On a recent trip to the Chicago area, I was able to visit the National Shrine of St. Maximilian Kolbe in Libertyville, Illinois. The shrine comprises the Our Lady of the Blessed Sacrament Chapel, a Rosary Garden, and a Conventual Franciscan Friary.

St. Kolbe (1894-1941) is the Polish priest who offered to take the place of a fellow prisoner condemned to die in the starvation bunker at Auschwitz.

The chapel, open to the public 24 hours a day, 7 days a week, is dedicated to Perpetual Adoration, and has been since 1928 (the original temporary chapel moved to the current site in 1932).

Marytown, as the site is called, serves a broad apostolate — locally, nationally, and internationally — through Eucharistic Adoration, a prison ministry, daily Masses, weekday confessions, and a retreat program.

The side Passion/Kolbe Chapel contains first-class relics. Downstairs is a Holocaust exhibit with timelines, photos, and a mockup of the starvation bunker. The whole shrine is clothed with the “odor of sanctity.” I’m not sure I’ve ever been in a place that felt more holy.

St. Maximilian Kolbe. (Mateusz Kuca/Shutterstock)

Patricia Treece’s “A Man for Others” (Marytown Press, $34.36) tells more of the saint’s backstory.

From childhood, he had a deep devotion to Mary, who in prayer had appeared to him holding two crowns — one white, signifying purity; the other red, signifying martyrdom — and asked if he would like them. “Yes,” he replied, whereupon Mary looked at him tenderly and disappeared.

He went on to become a Conventual Franciscan friar and a priest, settling at a monastery near Warsaw called Niepokalanów. Here, he established a community and a printing press that turned out pamphlets, books, a daily newspaper and a monthly magazine that had over a million subscribers.

In 1917, he founded the Militia Immaculata (Army of Mary), a worldwide evangelization movement. He also began to exhibit signs of the TB that would plague him for the rest of his life.

Starting in 1930, he served several years in Japan as a missionary but ill health forced him to return to Poland. During the German occupation that marked the beginning of World War II, he remained at Niepokalanów — which at 650 members was then the largest religious house in Europe — and continued to publish, including material that was critical of the Nazi regime. He was arrested in February 1941, and eventually transported to the concentration camp at Auschwitz.

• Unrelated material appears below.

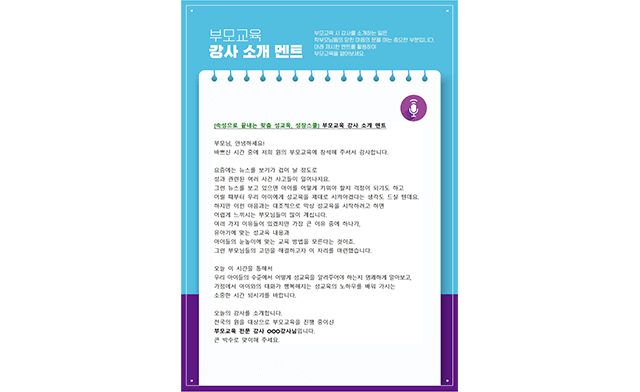 “성교육은 학교에 들어가고 난 뒤에 시켜도 늦지 않을거라 생각했는데, 오늘 교육을 통해 가정에서부터 성교육이 자연스럽게 이루어져야 한다는 걸 알게 됐어요.”

One fascinating phenomenon underscored by Treece: Father Kolbe was a smallish man, far from robust, who continued to suffer from TB. Yet at Auschwitz he seemed to have been graced with a kind of supernatural strength. How was it that a sickly priest — priests were singled out for especially savage treatment by the guards — could endure the cold, the hard labor, the severe beatings, the starvation rations?

It was as if his destiny — his martyrdom — had been marked out in advance.

“Father Kolbe never asked for anything and he never complained,” writes Treece.

“Those eyes of his were always strangely penetrating. The SS men couldn’t stand his glance, and used to yell at him, ‘Schau auf die Erde, nicht auf uns!’ (‘Look at the ground, not at us.’)”

At the end of July 1941, a prisoner escaped from Auschwitz. The Nazis called for 10 others to die in his place. A sleek, well-fed commandant ordered the emaciated, lice-ridden prisoners to stand in rows and sauntered casually through, randomly pointing to those who were to starve to death.

When he pointed to inmate Francis Gajowniczek, the man broke down, wailing, “My wife! My children!” Whereupon, in an unthinkable breach of protocol, Father Kolbe stepped out of line and asked to take the man’s place.

Another inexplicable occurrence: Why did this hardened SS man not snarl, “Fine, then you can both die”? Instead, he barked his permission and the 10 were thrown into the bunker, naked. After two weeks only four prisoners were still alive; Father Kolbe, still conscious, among them. At last a guard came and injected the men with carbolic acid.

Father Kolbe was murdered on Aug. 14, the vigil of the feast of the Assumption, and cremated. Years before, he had remarked, “I would like to be ground to dust for the Immaculate Virgin and have this dust be blown away by the wind all over the world.”

A remarkable postscript: Rudolf Hoess, the commandant who ordered the 10 to die, had also introduced the pesticide Zyklon B into the gas chambers, and was thus responsible for upwards of 2 1/2 million other deaths.

At the end of the war he was arrested and, days before dying, wrote to the state prosecutor:

“In the solitude of my prison cell, I have come to the bitter recognition that I have sinned gravely against humanity … May the Lord God forgive one day what I have done.”

Hoess converted on his deathbed, confessed to a priest, and returned to the Catholic faith of his youth before being hanged.

In the Foreword to “A Man for Others,” Father Patrick Greenough opines that St. Kolbe laid down his life not just for Francis Gajowniczek, but for the other nine who were condemned — and for Hoess as well. 

Or as St. Kolbe had written to his mother back in his youth, “Pray that I will love without any limits.”